With this birds-eye view, we can easily identify artwork color trends (and tropes). Let’s zoom in and look at a few, shall we?
Red background with light text
Red is often associated with lust, power, excitement, love and anger. According to the branding agency Iconic Fox, it “creates a sense of urgency which is why it’s effective with sales.”
In podcast-land, we see red used across a wide variety of show types, including true crime, music, history, heath, kids, shows from brands, and more.
Blue background with light text
Blue is the color of competence and quality. Iconic Fox says it evokes trust, loyalty, dependability, logic, serenity, and security. It’s also the color of “corporate.”
Blue is another very prominent color in our birds-eye view of popular podcast artwork. With so many shows using this color scheme, it can be difficult to create something visually distinctive.
Yellow background with dark text
As designer James Verdesoto says, “Yellow is a cheap way to catch the eye.”

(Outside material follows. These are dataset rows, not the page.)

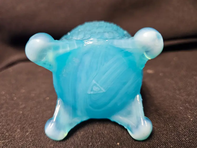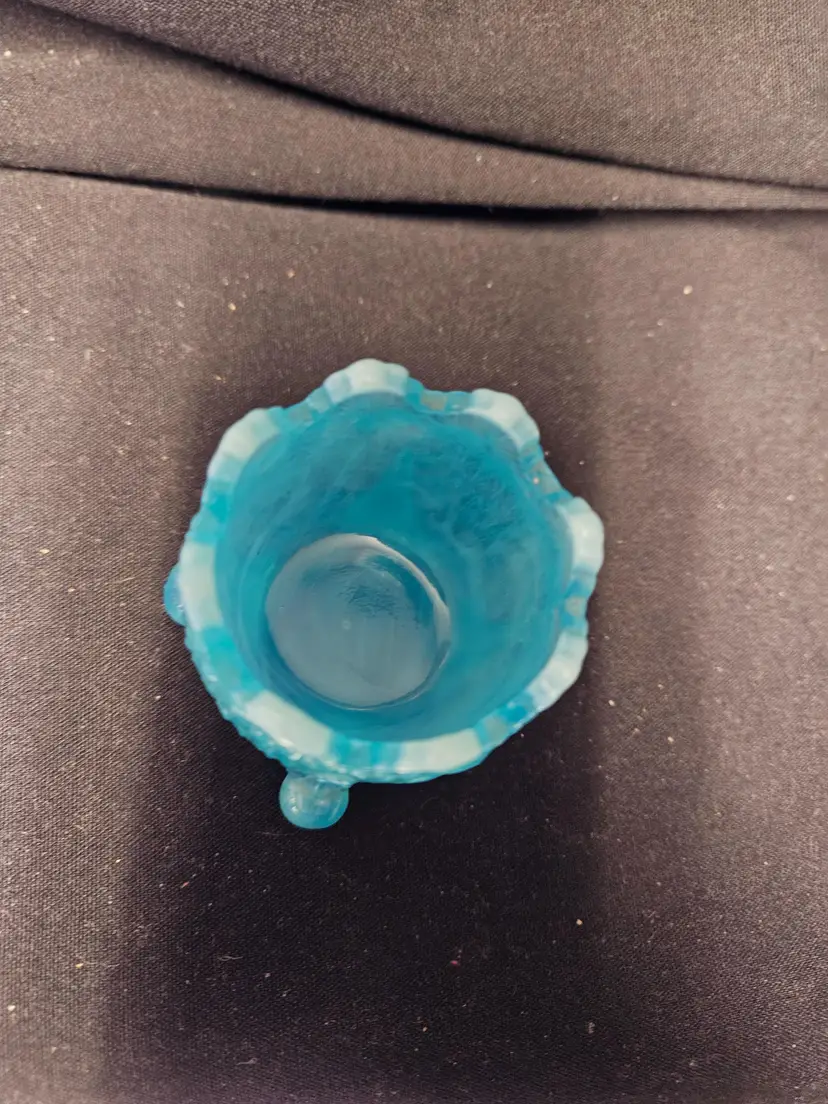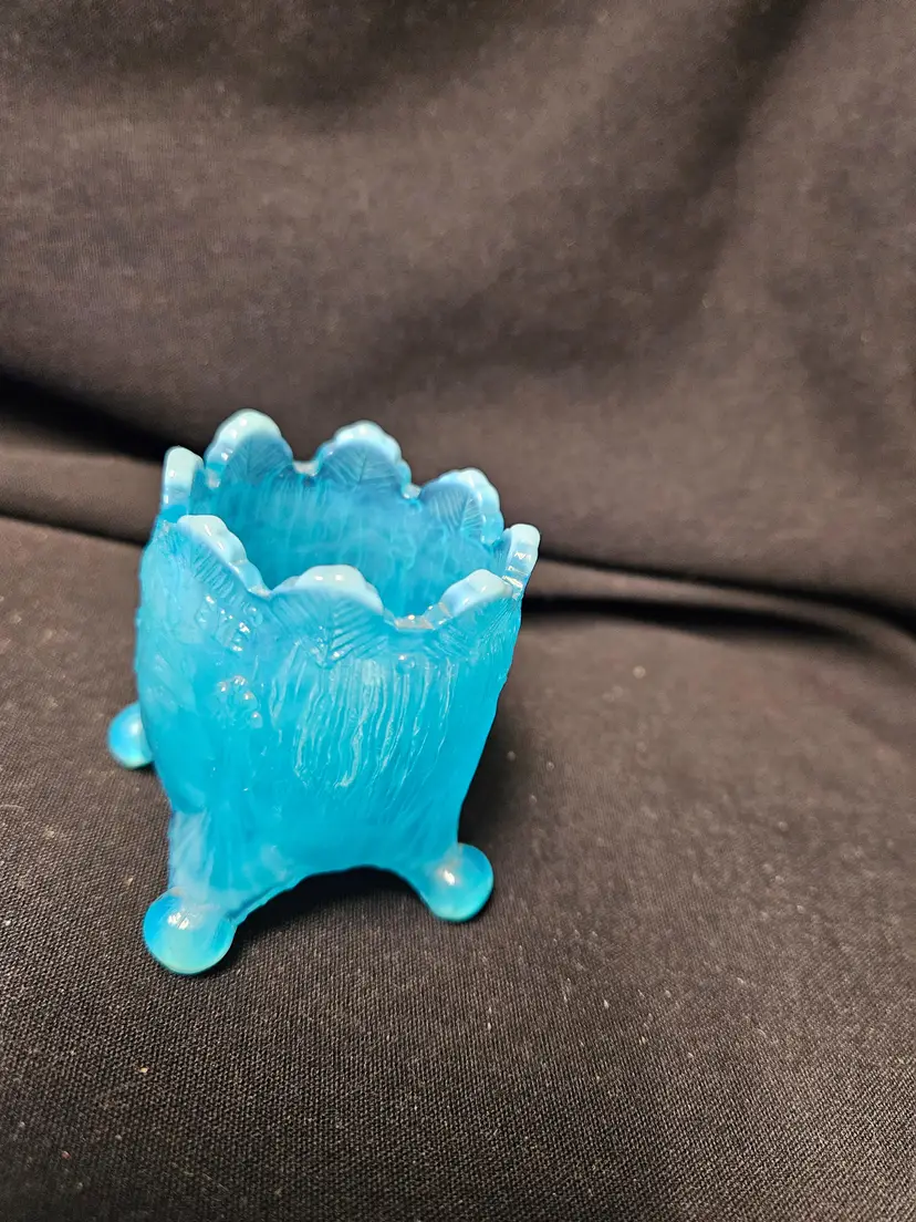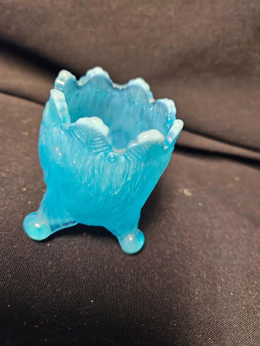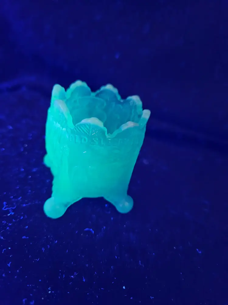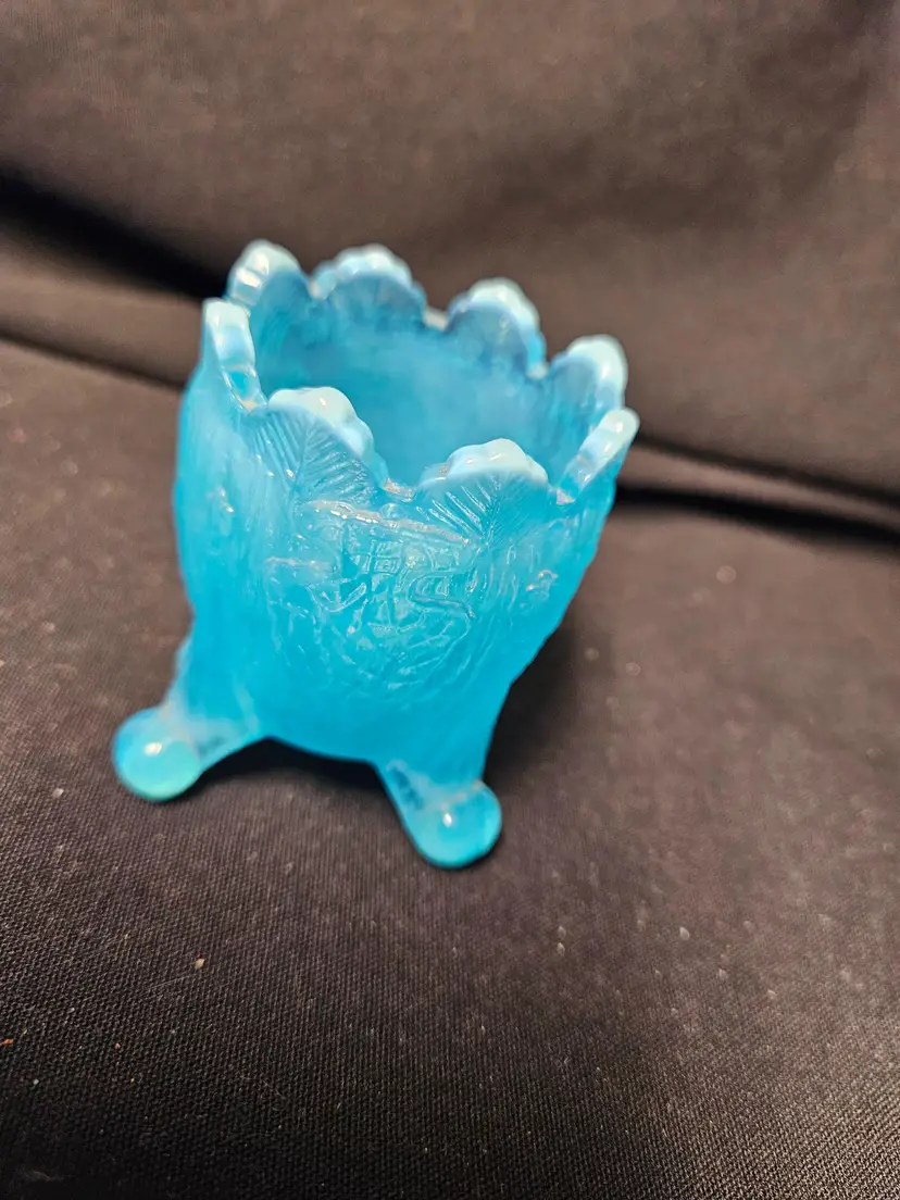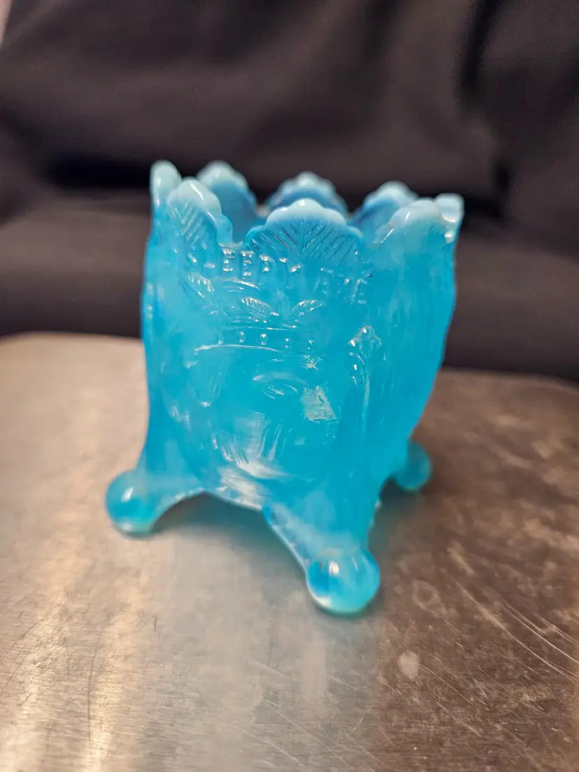 Maker:Boyd Height: 2 1/2" Glows: Yes Description: Nice little blue footed glass toothpick holder. It has a picture of an Indian and Old Sleepy Eye at the top. The other side has an arrowhead on it. It has the Boyd Glass Co. mark on the bottom. It is in good condition with no chips or cracks.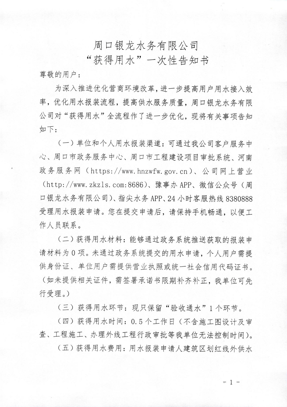 尊敬的用戶:根據(jù)《周口市發(fā)展和改革委員會周口市城市管理局關(guān)于調(diào)整周口市中心城區(qū)供水價格的通知》周發(fā)改價管【2022】32號文件,為最大限度地減少水價調(diào)整對城市低保、特困戶的影響,對中心城區(qū)經(jīng)經(jīng)民政部門認(rèn)可的城市...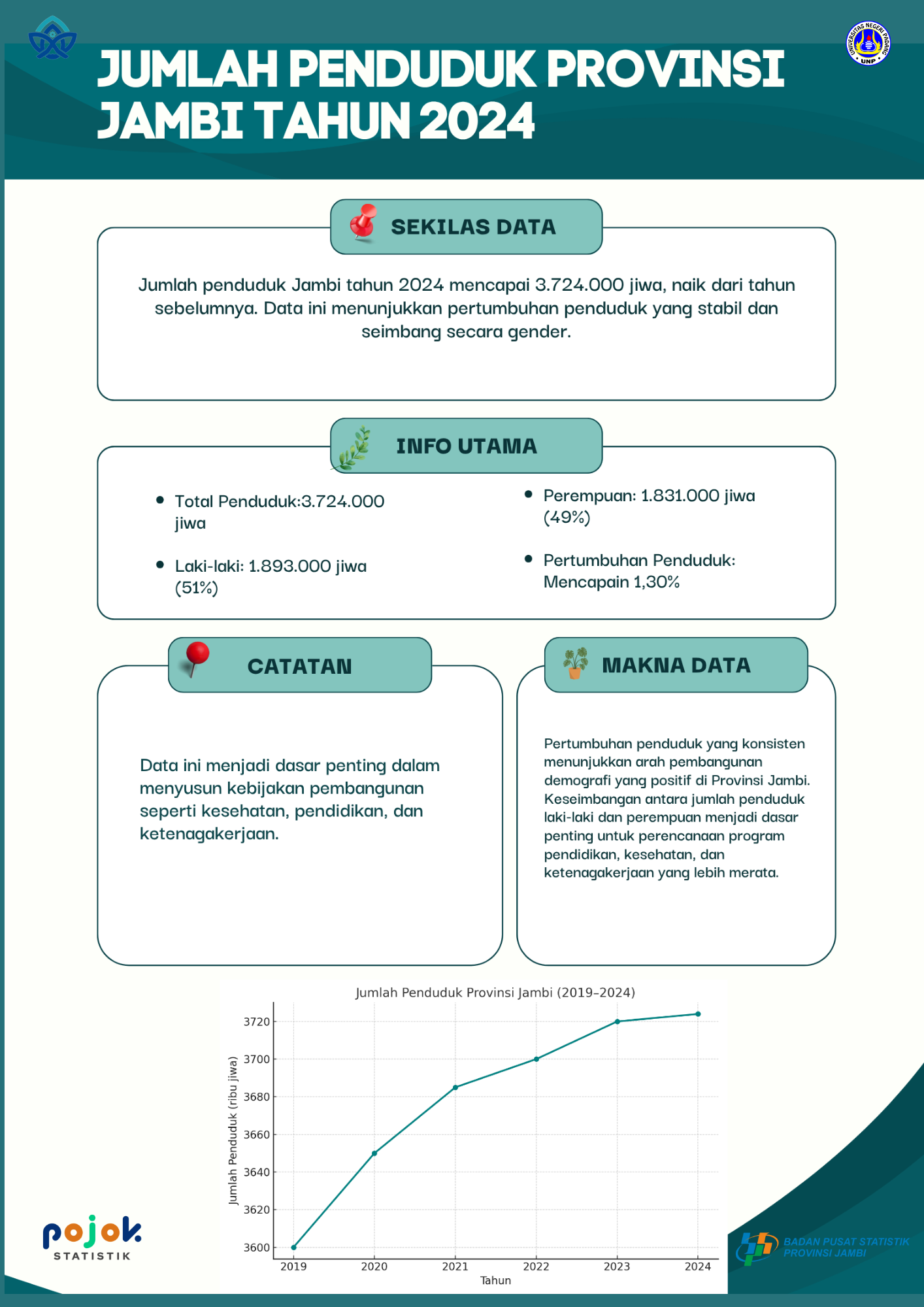 Tahukah kamu berapa jumlah penduduk Provinsi Jambi pada tahun 2024?? Yuuk kita cari tahu di infografisi ini!

Yellow pops, especially against a sea of less-eye-catching colors. Just look at how Against the Rules with Michael Lewis jumps out from the pack in Apple Podcasts:
Low (or no) color
Some podcast artwork deliberately eschews color, and goes for a black and white or greyscale look. One recent example is NPR’s White Lies, which manages to be eye-catching (in part) due to its absence of color.
Also worth noting: many of Apple’s own podcasts take a low/no-color approach to show artwork:
Why does color matter?
People make up their minds within 90 seconds of their initial interactions with either people or products. About 62‐90 percent of the assessment is based on colors alone. So, prudent use of colors can contribute not only to differentiating products from competitors, but also to influencing moods and feelings — positively or negatively — and therefore, to attitude towards certain products.
Podcasting is crowded, and it’s getting more crowded by the day. With 700,000+ shows out there, it’s never been more important to stand out from the crowd.
What color(s) does your show use? Why?